Auf La Réunion sorgt eine Änderung zum Finanzhaushaltsentwurf 2026 für Kontroverse: Ein lokaler Aufschlag auf Spirituosen soll Alkoholismus bekämpfen. Regionalratspräsidentin Huguette Bello lehnt die Maßnahme ab, während öffentliche Gesundheitsexperten sie als kritisches Thema verteidigen.
Die Debatten über den Staatshaushalt 2026 haben Spannungen auf La Réunion entfacht, wo ein Vorschlag zur Erhöhung der Steuern auf lokalen Alkohol, insbesondere Rum, die Meinungen spaltet. Senator Stéphane Fouassin, aus dem diversen rechten Spektrum und Arzt von Beruf, hat einen Änderungsantrag eingebracht, um eine spezifische Aufschlagsteuer für La Réunion auf alle Spirituosen einzuführen. Diese Steuer wäre bei importierten Spirituosen höher und soll Präventionskampagnen finanzieren sowie den Alkoholkonsum auf der Insel eindämmen.

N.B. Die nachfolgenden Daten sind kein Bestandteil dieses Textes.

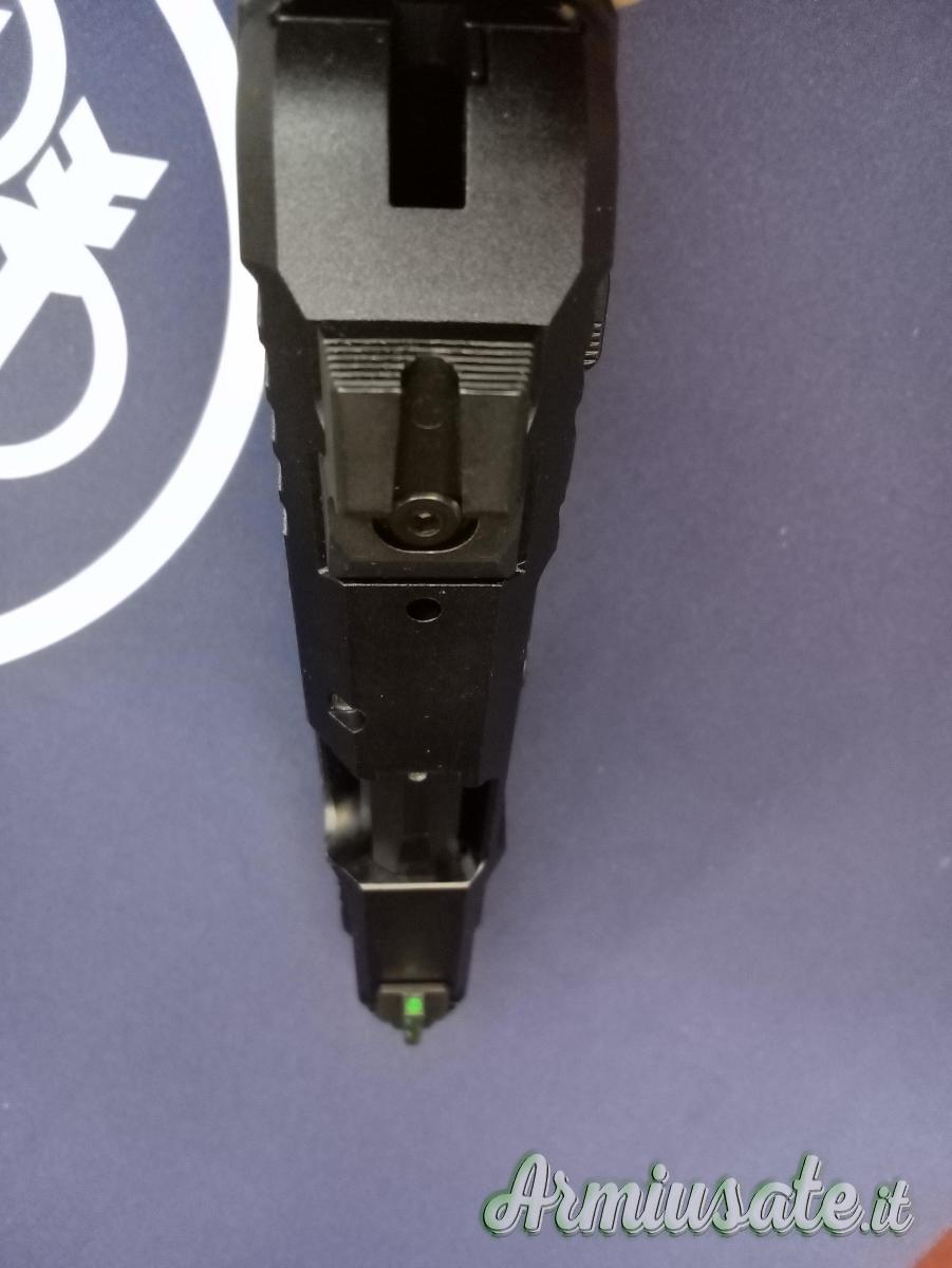 Mirino con inserto in fibra ottica di colore verde per una rapida acquisizione del bersaglio; tacca di mira anti impigliamento la cui parte anteriore può essere usata per scarrellare in condizioni di emergenza!

„Eine Frage der öffentlichen Gesundheit“, betont der Abgeordnete und hebt die verheerenden Auswirkungen des Alkoholismus vor Ort hervor. David Mété, Leiter des Suchtdienstes am CHU de Saint-Denis und Präsident der regionalen Suchtföderation, weist darauf hin, dass La Réunion in den schändlichen Ranglisten unter französischen Regionen bei alkoholbedingten Todesfällen an der Spitze liegt, mit rund 450 Todesopfern pro Jahr laut regionalem Gesundheitsobservatorium. Die Insel führt zudem bei Krankenhausaufenthalten wegen Alkoholmissbrauchs und weist eine hohe Prävalenz des fetalen Alkoholsyndroms auf.
Alkohol ist an 80 % der innerfamiliären Gewalt und 60 % der tödlichen Verkehrsunfälle beteiligt. Daraufhin forderte Huguette Bello, Präsidentin des Regionalrats, die Regierung auf, den Änderungsantrag abzulehnen, da er der lokalen Wirtschaft schade, ohne die Ursachen anzugehen. Obwohl der Änderungsantrag nicht im Nationalversammlung verabschiedet wurde, hat er die Diskussionen über Gesundheitspolitik in den Überseegebieten neu angefacht.